Introduction

Topical pain relief could be achieved by many different methods. Injections in general and especially the placement of intravenous cannulae are often the cause of pain and anxiety for many patients. Anaesthetists are often faced with “needle-phobic” patients and are constantly looking for innovative methods of alleviating the pain of intravenous cannulation. Infiltration of local anaesthetics such as lidocaine is a common method used by many anaesthetists to reduce the pain of intravenous cannulation. However, this involves another injection for the patient. Recent advances in topical anaesthesia include application of EMLA (Eutectic mixture of local anaesthetics).₁ EMLA when applied directly to the skin provides adequate analgesia for the placement of intravenous catheters, but this becomes effective only after approximately 30 to 60 minutes. ₂

Iontophoresis is an injection-free technique by which an agent applied for anaesthesia such as a local anaesthetic or a non-steroidal anti-inflammatory drug (NSAID) is administered to the underlying tissues by an ionizing electrical current. Iontophoresis increases the absorption of EMLA and renders it effective for analgesia within five to fifteen minutes. ₂ Iontophoresis also increases the degree of pain relief which EMLA provides for insertion of intravenous lines. ₁, ₃, ₄ Numerous studies have proven that the local anesthetic agent lidocaine has a greater effect when used with iontophoresis. ₁,₂,₃,₄,₅,₆,₇ NSAIDs such as diclofenac sodium₈, ₉, piroxicam₁₀ and ketoprofen₁₁, ₁₂ have also been studied with iontophoresis and have been shown to have increased transdermal absorption. The present study aimed at determining whether iontophoresis of diclofenac gel topically is effective in providing analgesia for pinprick sensation, which could be used as an alternative method to relieve pain topically.

Methods

This study was approved by the Ethics Committee of the University of the West Indies. Approval was also obtained from Ethical Review Committee of the San Fernando General Hospital, Trinidad, where the study was undertaken.

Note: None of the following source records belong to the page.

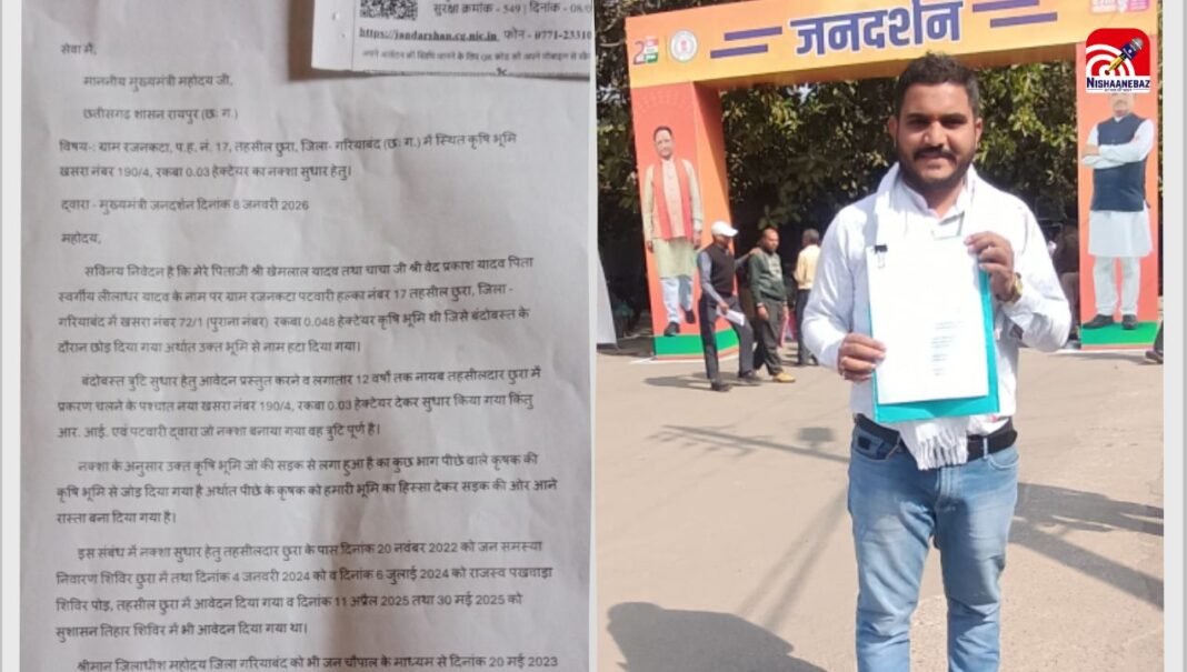 गरियाबंद: तहसील छुरा, एसडीएम और कलेक्टर कार्यालय में वर्षों से पैतृक कृषि भूमि के नक्शे सुधार में हो रही देरी से एक किसान परेशान होकर मुख्यमंत्री जनदर्शन में आवेदन लगाने को मजबूर हो गया है। ग्राम रजनकटा और पांडुका के बीच स्थित अपनी पैतृक भूमि का नक्शा सुधारवाने के लिए किसान पिछले तीन साल से राजस्व कार्यालयों के चक्कर काट रहे हैं, लेकिन मामूली बंदोबस्ती त्रुटि के कारण अभी तक न्याय नहीं मिल पाया।
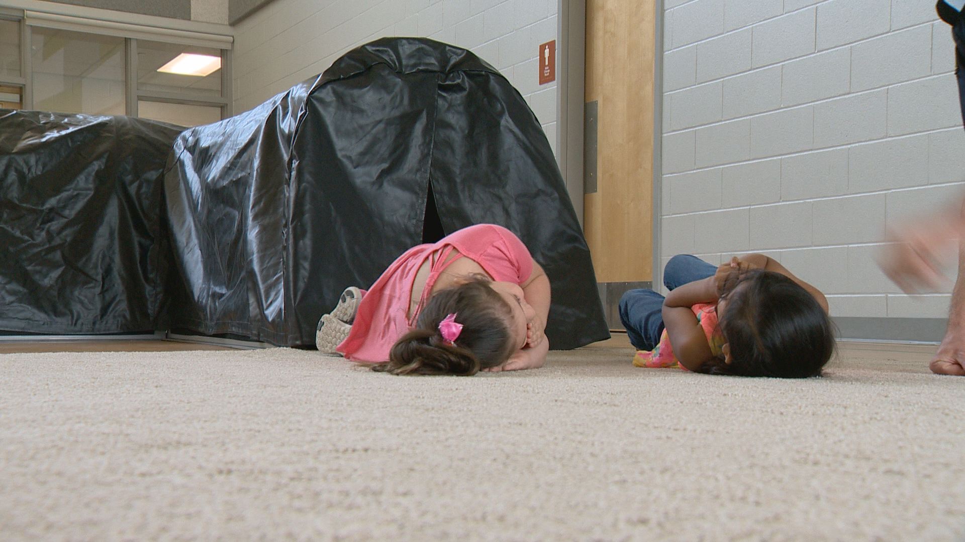 The scenario is a fire in the home where the youngsters must roll out of bed, and crawl through a dark tunnel, simulating smoke.
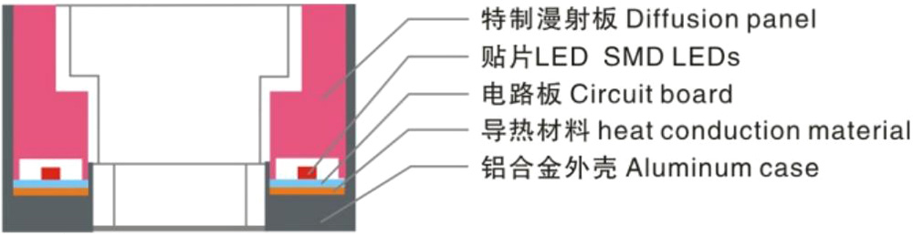 Sectional view of a square light
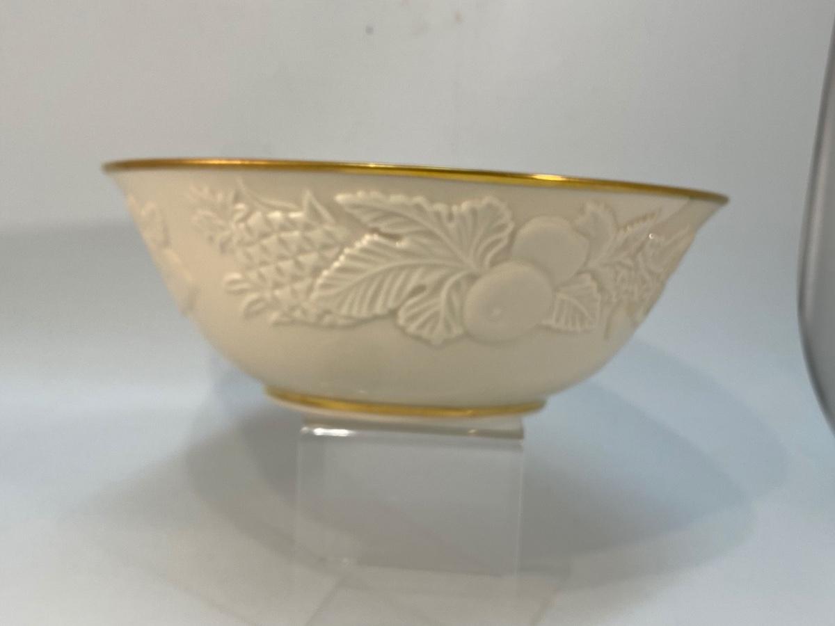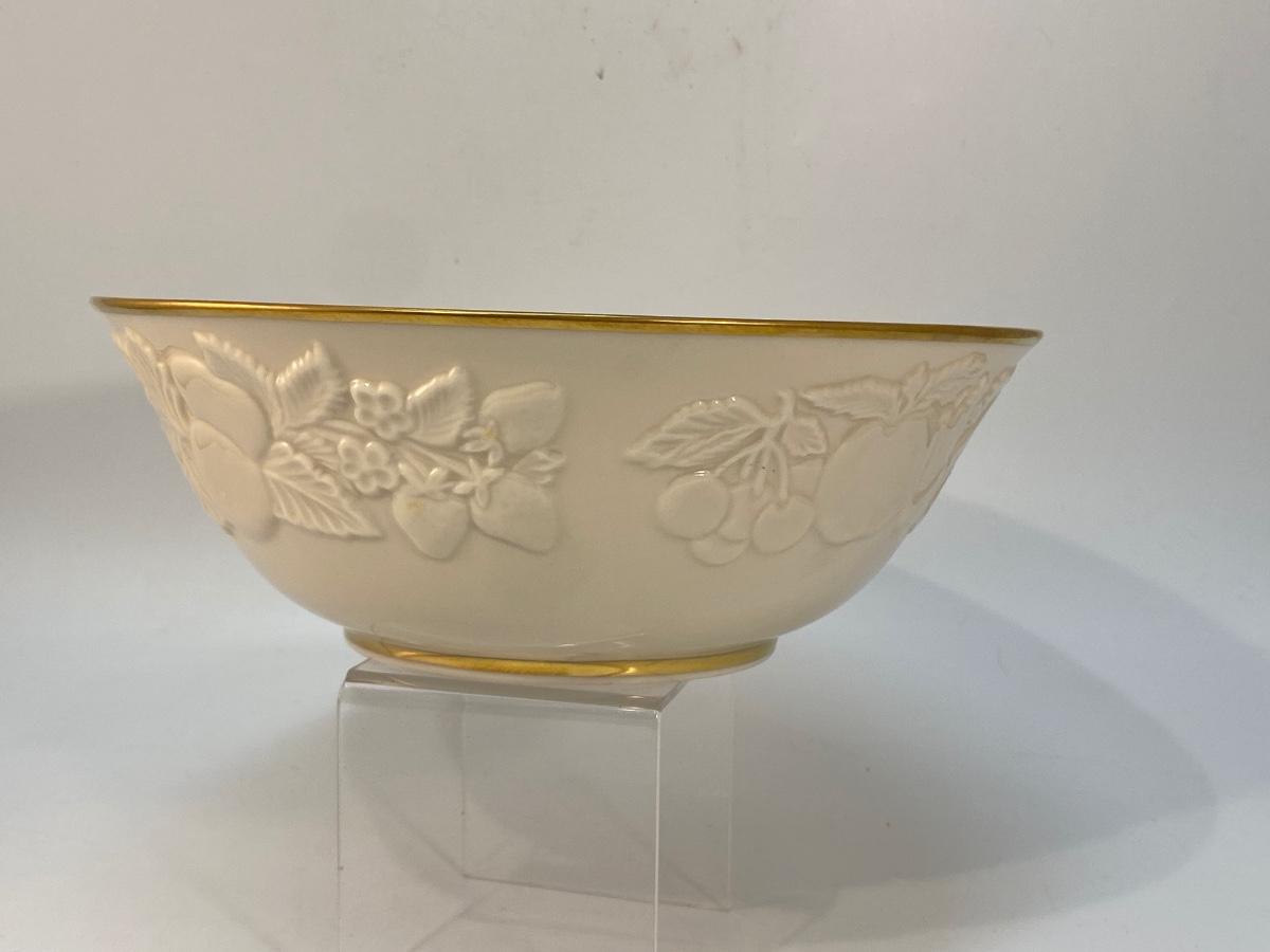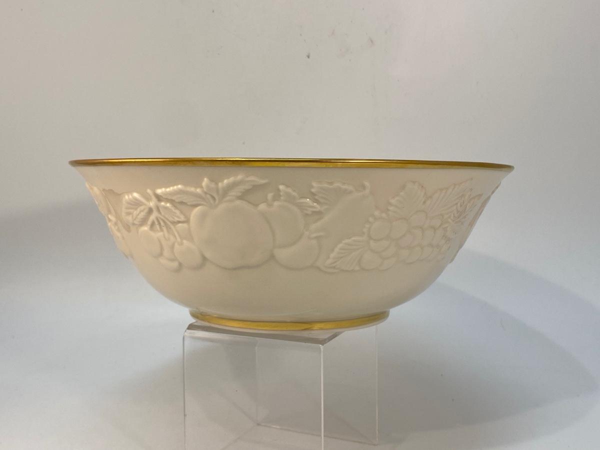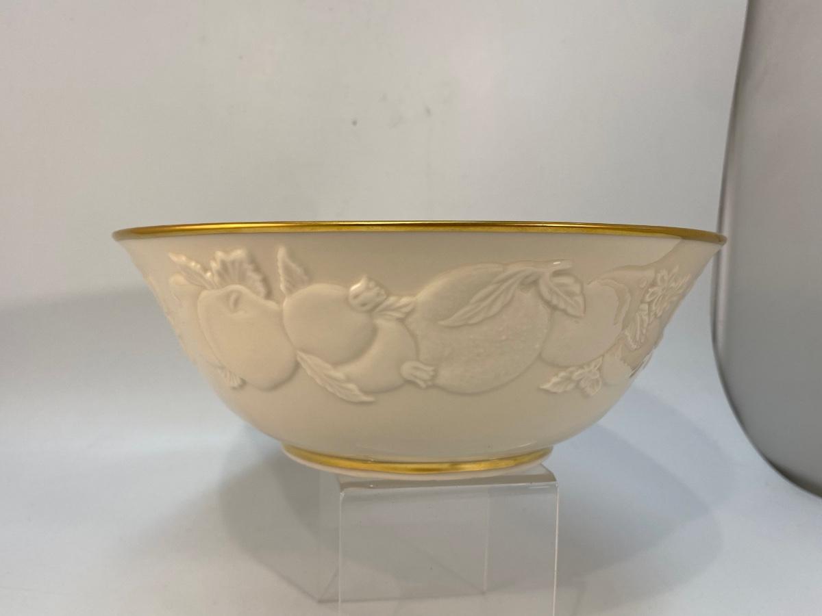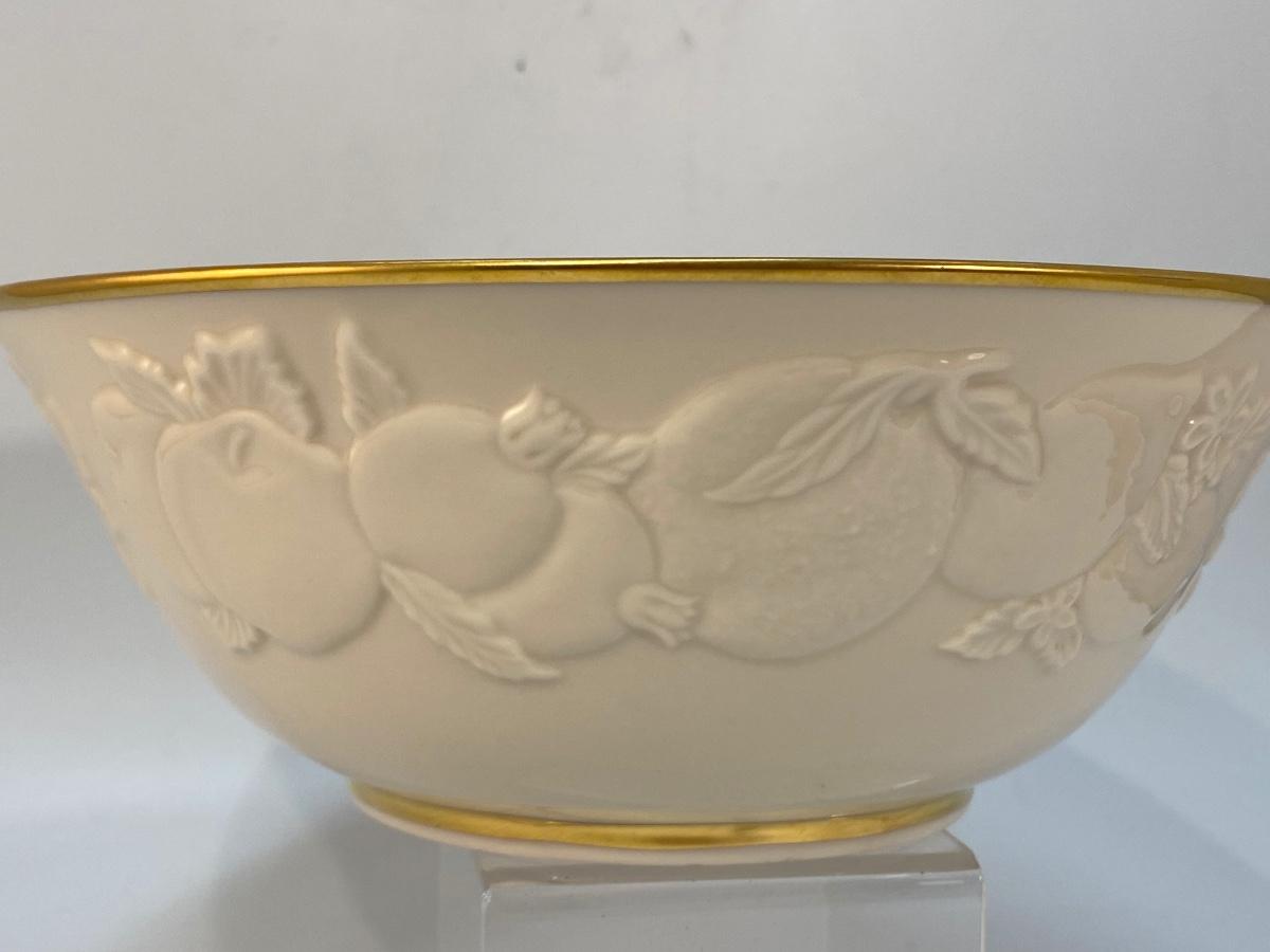 Lenox Collections Ivory & Gold Fruits of Life Bowl. Embossed fruit pattern all the way around. In good condition. About 8" diameter.
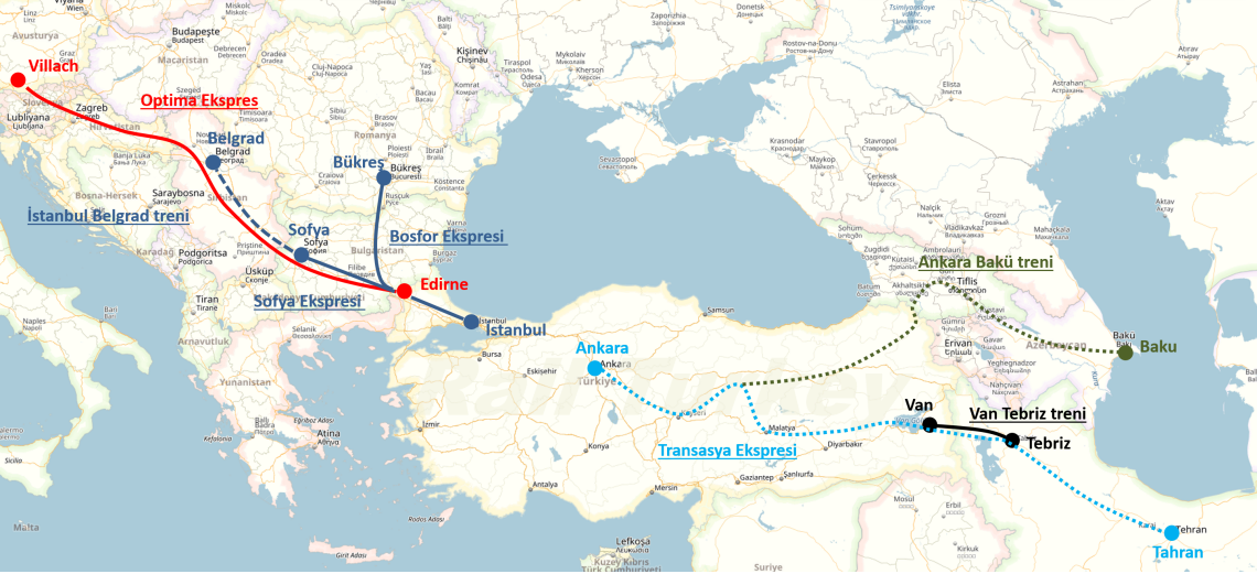Edirne ile Villach arasında hizmet veren ve yolcuların araçlarını da taşıyabildiği Optima Ekspres kış ayları hariç hizmet veriyor.
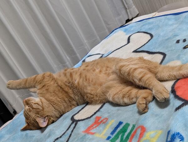 大きくて全身茶トラ警戒心強く綺麗好きトイレが汚れていると容器縁に乗り用を足す。嬉しいと大きな身体でゴロゴロ転がって表現、おもちゃ好き。炬燵も。優しくてマイペース。食欲旺盛。長い尻尾。
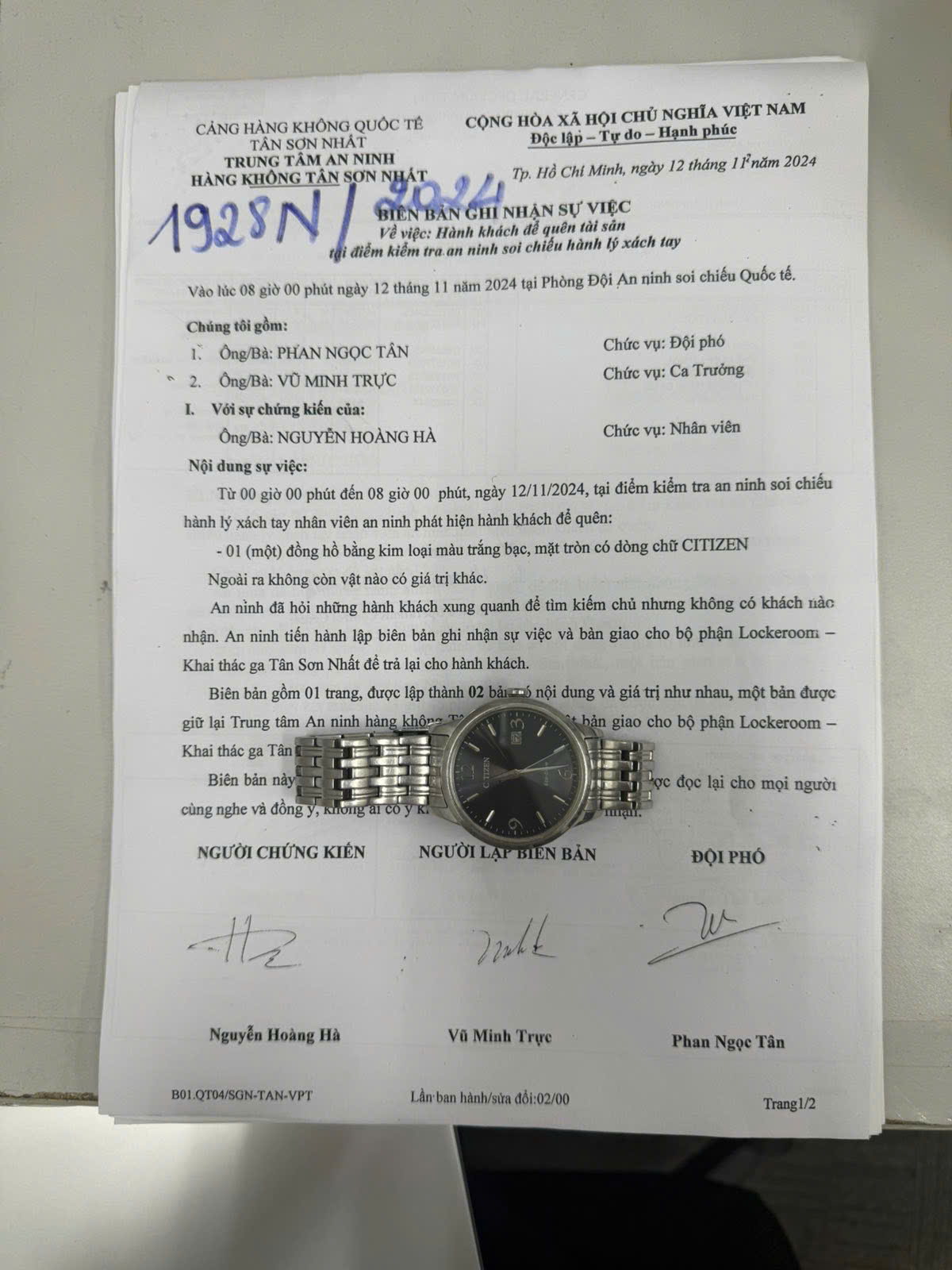 Ngày tiếp nhận: 12/11/2024 Mã hồ sơ: 1928N2024 Mô tả: 01 đồng hồ kim loại màu trắng bạc, mặt tròn có dòng chữ CITIZEN. |

Volunteers either without any systemic disease or with mild systemic illness (American Society of Anesthesiologists Physical Status 1 and 2) were included for the study. We excluded subjects with known hypersensitivity to NSAID, those with altered integrity of the skin in the area where the NSAID was to be applied, pregnant women and those with indwelling devices such as pacemakers.

Subjects were assured of confidentiality and were allowed to withdraw from the study at anytime. There were however, no abandoned tests. Some of the subjects who were approached declined to get tested because of the anxiety associated with the pinprick testing. Forty-eight volunteers were finally enrolled for the study and a detailed written informed consent was obtained from each of them.

All volunteers were tested using the Iontophormeter®. This equipment is manufactured by Life-Tech Inc®, and has a 4.0 max milliampere (mA) output. The equipment includes dual treatment lead wire, red Meditrode® lead wire, black Meditrode lead wire®, test lead wire. The operating current range is 0- 4.0 mA in 0.02 mA increments. The accuracy is 3% of setting, worst case. Treatment Dose Range for this meter is 0-150 mA-minutes in 1 mA-minute increments. With respect to drug polarity, drug delivery electrode can assume “+” or “-” for either phase.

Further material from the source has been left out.